CMU's Sustainability Initiative reflects its own longstanding efforts and commitments to addressing society's most pressing needs.

CMU recently became the first university to create its own report that catalogues the education, research and practice of students, faculty and staff to advance the SDGs. Kathryn Posko, who worked as a research assistant for Mendelson over the summer and is a MSPPM-DC track student, helped compile and interpret data for the review.

The CMU voluntary university review included information on nearly 3,000 courses offered by CMU in 2020 as well as information garnered from an exercise where people met on Zoom to discuss each of the 17 SDGs individually and with student organizations. Posko and Usha Silwal, a master's student studying civil and environmental engineering, worked with a project team of seven students taught by Mendelson; Alex Hiniker, CMU's executive fellow for the Sustainability Initiatives; and Dave Dzombak, the Hamerschlag University Professor and department head of Civil and Environmental Engineering.

"What I loved about working on the SDGs was the ability to take something very large at a very high level and bring it down to something that is so specific and niche to our university," said Posko, who is a fellow at the Federal City Council, a nonprofit organization that promotes economic development in Washington, D.C.

Posko said the experience helped her develop skills related to data analysis and visualization as well as sharpen her critical thinking. Once she graduates in May, her goal is to find work that allows her to help create systemic change at a local level.

"Heinz College was the only graduate school that offers a heavily quantitative focus, and I wanted to be able to translate data into a really understandable way," Posko said.

Pittsburgh is just one of the numerous municipalities reviewing work related to the environment, equity and the economy.

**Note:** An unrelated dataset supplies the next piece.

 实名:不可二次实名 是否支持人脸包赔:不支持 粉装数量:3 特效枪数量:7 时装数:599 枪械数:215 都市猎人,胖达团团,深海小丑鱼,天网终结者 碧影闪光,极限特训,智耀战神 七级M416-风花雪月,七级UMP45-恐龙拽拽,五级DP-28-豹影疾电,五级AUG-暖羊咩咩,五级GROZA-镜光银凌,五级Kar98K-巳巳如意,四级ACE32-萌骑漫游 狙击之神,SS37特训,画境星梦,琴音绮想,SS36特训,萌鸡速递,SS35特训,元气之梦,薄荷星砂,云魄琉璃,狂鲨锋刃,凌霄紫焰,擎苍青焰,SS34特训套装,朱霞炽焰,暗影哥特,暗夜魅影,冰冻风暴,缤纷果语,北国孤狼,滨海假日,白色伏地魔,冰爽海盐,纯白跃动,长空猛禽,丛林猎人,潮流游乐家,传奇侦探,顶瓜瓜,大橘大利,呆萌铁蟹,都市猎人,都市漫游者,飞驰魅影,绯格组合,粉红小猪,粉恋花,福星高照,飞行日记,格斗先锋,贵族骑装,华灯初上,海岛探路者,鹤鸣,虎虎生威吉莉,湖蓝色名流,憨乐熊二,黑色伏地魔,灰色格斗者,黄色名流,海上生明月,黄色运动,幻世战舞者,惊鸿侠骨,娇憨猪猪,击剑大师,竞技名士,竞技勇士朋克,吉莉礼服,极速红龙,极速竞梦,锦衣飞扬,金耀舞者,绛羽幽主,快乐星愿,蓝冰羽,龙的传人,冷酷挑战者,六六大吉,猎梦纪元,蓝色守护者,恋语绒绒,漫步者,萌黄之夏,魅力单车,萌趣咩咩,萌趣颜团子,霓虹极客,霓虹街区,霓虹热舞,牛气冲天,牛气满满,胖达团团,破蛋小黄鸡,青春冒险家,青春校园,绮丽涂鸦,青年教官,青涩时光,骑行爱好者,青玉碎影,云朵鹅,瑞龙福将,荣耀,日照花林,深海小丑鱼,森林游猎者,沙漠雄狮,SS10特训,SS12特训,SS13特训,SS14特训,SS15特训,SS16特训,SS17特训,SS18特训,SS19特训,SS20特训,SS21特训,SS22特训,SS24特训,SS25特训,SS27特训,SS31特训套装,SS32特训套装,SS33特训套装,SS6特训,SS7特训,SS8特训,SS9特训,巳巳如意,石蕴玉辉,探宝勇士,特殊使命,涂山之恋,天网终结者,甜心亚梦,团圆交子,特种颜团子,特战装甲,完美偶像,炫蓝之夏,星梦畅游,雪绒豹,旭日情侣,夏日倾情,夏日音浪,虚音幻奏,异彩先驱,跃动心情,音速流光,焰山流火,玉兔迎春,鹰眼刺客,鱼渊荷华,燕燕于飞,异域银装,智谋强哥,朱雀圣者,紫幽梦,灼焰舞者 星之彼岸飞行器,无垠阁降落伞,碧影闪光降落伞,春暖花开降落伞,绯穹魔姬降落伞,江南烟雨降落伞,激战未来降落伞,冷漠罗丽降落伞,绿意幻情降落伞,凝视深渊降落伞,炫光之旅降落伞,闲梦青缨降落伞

Millions of people around the world provided input on the creation of the goals, which were adopted by the international community in 2015.

Jason Griess graduated from the MSPPM-DC track in 2019. His capstone project, which was requested by the Brookings Institution, was to create a handbook for cities to conduct voluntary local reviews related to the SDGs and compile a series of best practices and lessons learned from other efforts. Other members of the team were Niki Deininger, Yasu Lu and Robert Santamari, all of whom also graduated from CMU's MSPPM-DC in 2019.

"The project taught me a lot about influencing people toward a common vision without having direct authority over them," Griess said.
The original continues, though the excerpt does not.